Today marks the first day of Liferay's West Coast Symposium and CMS Critic was in attendance to cover this event.
There was definitely a large turnout with a crowd of approximately 250 or so in attendance. The attendees ranged from Liferay staff and community members to partners and customers and there was a lot of buzz in the air about the new release.
At 9:00 am, Liferay's Chief Marketing Officer, Paul Hinz took to the stage to begin the introduction of Liferay 6EE.
Some of the highlights from his talk:
- Back in 1995, we were building web applications, web content. Most of it was centered around Apache but they were very simple applications and content. Then came Tomcat was more focused on application development and building apps on the web. This in turn, led into the idea that we can't just build with random tools and have developers assemble things on their own, we actually need application stacks. In 2000, some of the major companies began providing these stacks: application layer, portal layers, collaboration layer, etc. These layers became more and more complex. Then jBoss came around and this was important because there was now a lower cost and it was lighter weight and easier to use. So now there was this open source aspect that had a lower cost and felt simpler and people liked it.
- We started to see more and more trending toward open source projects and applications. Then in 2005, this trend towards simplicity led to LAMP becoming very popular. A lot of the external properties were being built using LAMP and the focus from developers started to gear towards these open source stacks. Then a few more trends happened and rich apps came into play such as Wikipedia, Twitter, Facebook and similar properties and the social aspect of the web and of our content started to become a focus.
- Every five years, there is a major focus change and now in 2010 there is a change that is about to happen. A single enterprise has a large number of different applications that they have to build. The current trend seems to be towards what he called, Strategic Open Source.

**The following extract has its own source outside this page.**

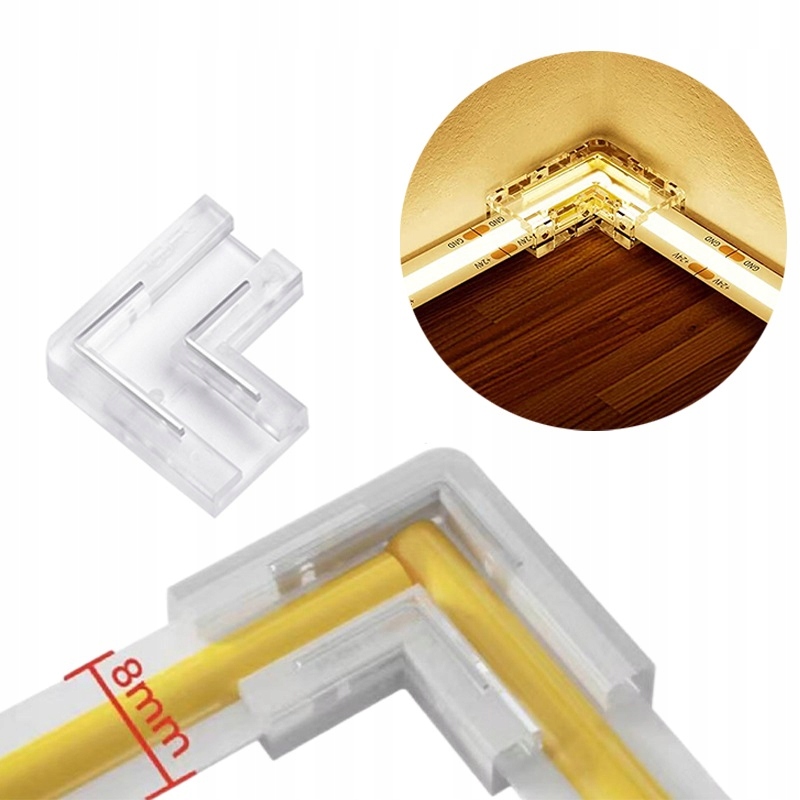 Кутовий з'єднувач для одноколірних стрічок за технологією COB (Chip on Board) з шириною ламінату 8 мм. Ідеальне рішення для з’єднання стрічки COB під прямим кутом без необхідності пайки! Просто вставте світлодіодну стрічку в призначене місце і все! Якщо світлодіодна стрічка ослабла після вставлення, просто притисніть металеві елементи до стрічки, щоб вони торкнулися паяльних майданчиків, після цього ми можемо бути впевнені, що стрічка не вислизне з роз’єму.

- Strategic Open Source is where the CIO now focuses their attention not only on the mission critical layer of apps but actually starts looking at these lower level open source applications and wants to get them supported and integrated into the existing infrastructure.

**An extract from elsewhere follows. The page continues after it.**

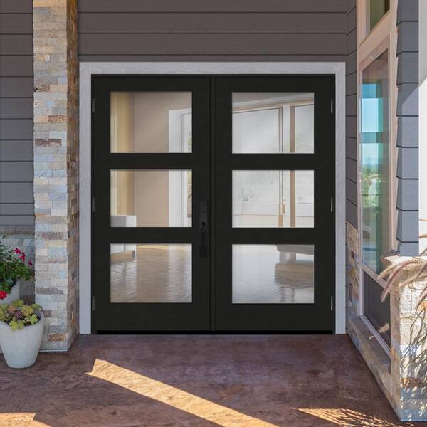 Regency 60 in. x 80 in. Modern 3L Equal Clear Glass Onyx RHOS Stained Fiberglass Retro Patio Door w/6"Jamb

- There is now a need to have a development platform that allows you to build your presentation layer, that gives you the content management and workflow capabilities and also gives you that rich developer aspect.

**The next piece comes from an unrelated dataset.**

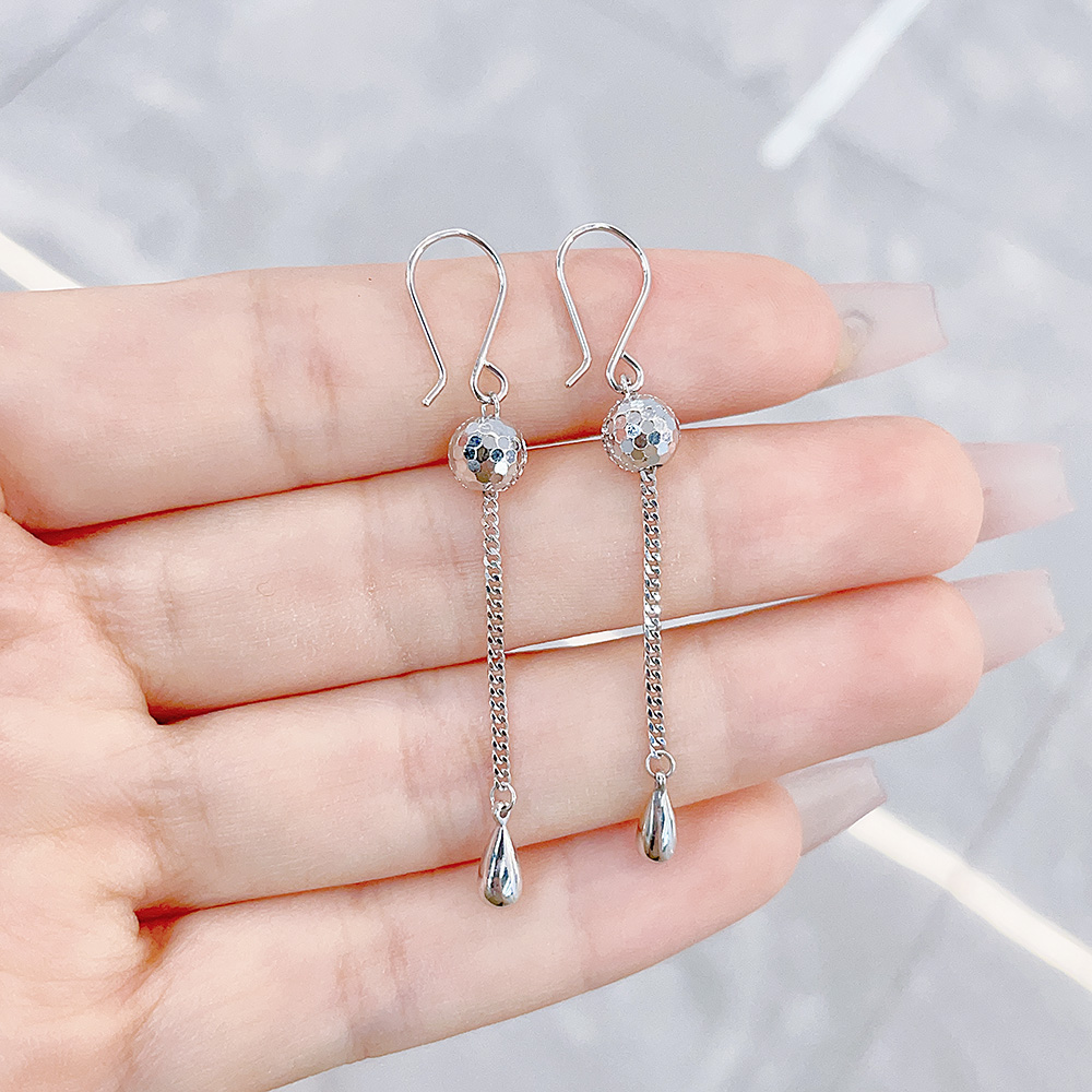 【限时8.8折】【线上铂金馆】PT950 #CNC 铂金空心水滴流苏鱼鳞金珠耳饰耳吊耳钩(PTES00071)预售产品下单后不退款不退货不换货不补差价)

- Collaboration has changed how we are building applications. If you look at the enterprise, we started with email then calendars began being added. Over time, blogs, wikis and other platforms have been integrated. There is now a strong need to build social applications.
- There are a large number of companies that have portal based platforms but the platforms themselves are not progressing forward. This leaves their customers facing an end of feature life. The product may not be end of life but there will be no enhancements and with the new requirements we just discussed, this leaves these customers in a bad position.
- Liferay, however, continues to add features. They support 11 different operating systems, 12 different databases and 11 different containers.
- The customers who are facing end of feature life on their existing solutions are now going to be looking for a way out. Paul mentioned that a conservative number is 10,000 different customers who are facing end of feature life.
One of the most interesting announcements was the new First year Free offer that Liferay is extending to these customers who are facing end of feature life and are stuck on an aging platform. What they are offering is these customers can get Liferay for free for one year to help them migrate their existing infrastructure from these stagnant solutions to Liferay without having to pay licensing fees for both their existing solution and for Liferay.
This is a very interesting and, in my opinion, brilliant strategy that Liferay has taken on. Existing customers who are in this position are going to be very hard pressed to find any other solution that is providing this kind of offer.
To hear more of Paul's talk, you can download the audio recording which we've made available at the bottom of this article.
After Paul came Liferay CEO, Bryan Cheung to discuss the improvements that the new release brings to the table.
Some of Bryan's key points included:
- How do you get the benefits of tomcat without being at the mercy of open source volunteers and how do you get the benefit of enterprise software without the cumbersome overhead? He firmly believes that Liferay is about giving you all of the best options and allowing you to “be greedy”.
- Liferay 6 as a solution is complete. It provides a portal, WCM, workflow, collaboration in a single package which eliminates the need to get other products.
- What if you have existing products that you are tied to and are unwilling to migrate away from such as SAP or Salesforce? Liferay allows integration with these products as well. Not only that, but if for some reason you find Liferay is not the solution for your needs, migration away from the product is just as easy.
- Liferay is 90% more affordable than comparable solutions.
- There are 35,000 community members in addition to the existing employees which provides Liferay with a very large pool of developers that are continually enhancing and advancing their product.
- Liferay is also only 215mb in size. This includes tomcat, a database, web content management, blog server, wiki, portal, identity management and role management. It is everything you need without the software bloat.